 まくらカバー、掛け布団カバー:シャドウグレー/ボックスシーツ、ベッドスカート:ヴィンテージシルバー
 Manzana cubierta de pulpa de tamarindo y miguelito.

◆ ◆ ◆

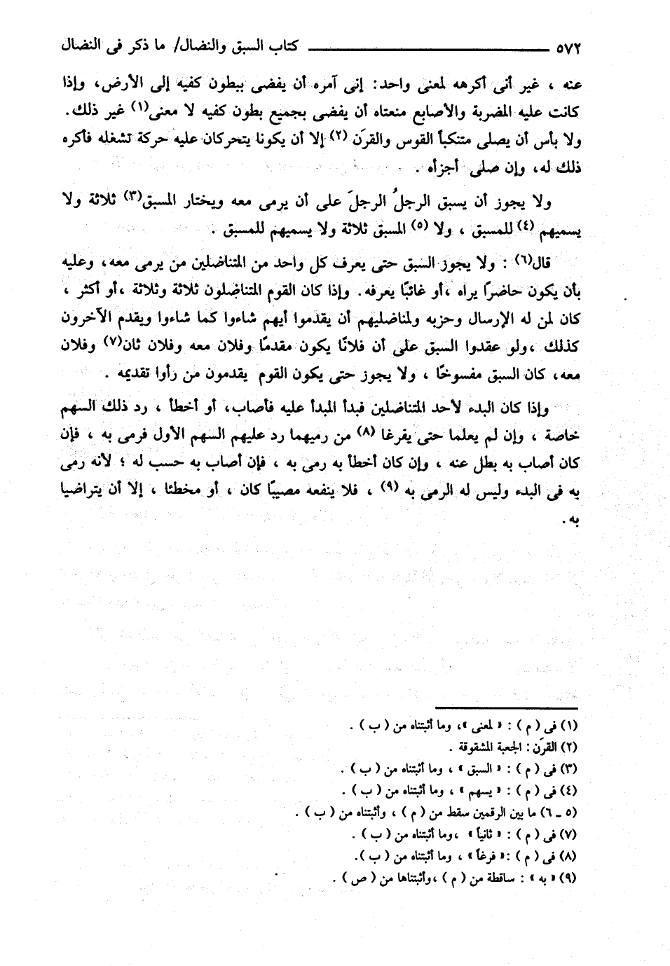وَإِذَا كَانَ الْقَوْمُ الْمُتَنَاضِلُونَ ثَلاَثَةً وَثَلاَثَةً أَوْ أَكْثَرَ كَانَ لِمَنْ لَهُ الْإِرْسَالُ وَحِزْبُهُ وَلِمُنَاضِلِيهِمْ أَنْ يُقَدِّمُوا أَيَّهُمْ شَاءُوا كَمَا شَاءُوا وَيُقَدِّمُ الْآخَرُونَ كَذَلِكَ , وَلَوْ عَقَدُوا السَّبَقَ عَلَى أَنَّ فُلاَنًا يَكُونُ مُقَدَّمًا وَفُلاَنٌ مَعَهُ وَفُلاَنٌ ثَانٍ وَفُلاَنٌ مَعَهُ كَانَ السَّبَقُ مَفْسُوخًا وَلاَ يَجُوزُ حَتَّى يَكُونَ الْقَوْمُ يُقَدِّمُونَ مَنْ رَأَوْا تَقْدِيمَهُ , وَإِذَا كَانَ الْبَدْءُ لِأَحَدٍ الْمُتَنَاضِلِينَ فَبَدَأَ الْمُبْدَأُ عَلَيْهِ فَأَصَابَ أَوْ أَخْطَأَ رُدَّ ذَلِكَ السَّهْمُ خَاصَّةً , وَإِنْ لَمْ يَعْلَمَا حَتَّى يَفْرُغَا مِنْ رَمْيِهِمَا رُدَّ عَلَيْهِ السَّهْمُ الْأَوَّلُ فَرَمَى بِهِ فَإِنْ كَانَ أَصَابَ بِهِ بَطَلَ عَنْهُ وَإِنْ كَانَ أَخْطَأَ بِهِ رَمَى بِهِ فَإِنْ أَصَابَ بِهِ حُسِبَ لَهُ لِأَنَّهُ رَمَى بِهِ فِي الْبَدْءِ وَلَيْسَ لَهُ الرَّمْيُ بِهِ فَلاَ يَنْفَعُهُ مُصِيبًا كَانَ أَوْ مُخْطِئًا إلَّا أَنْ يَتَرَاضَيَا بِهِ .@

◆ ◆ ◆

**Problem description:** Could you restate word for word the lines above from the one containing "まくらカバー、掛け布団カバー" through the one containing "Manzana cubierta de", both included, and nothing else?

**Exercise result:**
 まくらカバー、掛け布団カバー:シャドウグレー/ボックスシーツ、ベッドスカート:ヴィンテージシルバー
 Manzana cubierta de pulpa de tamarindo y miguelito.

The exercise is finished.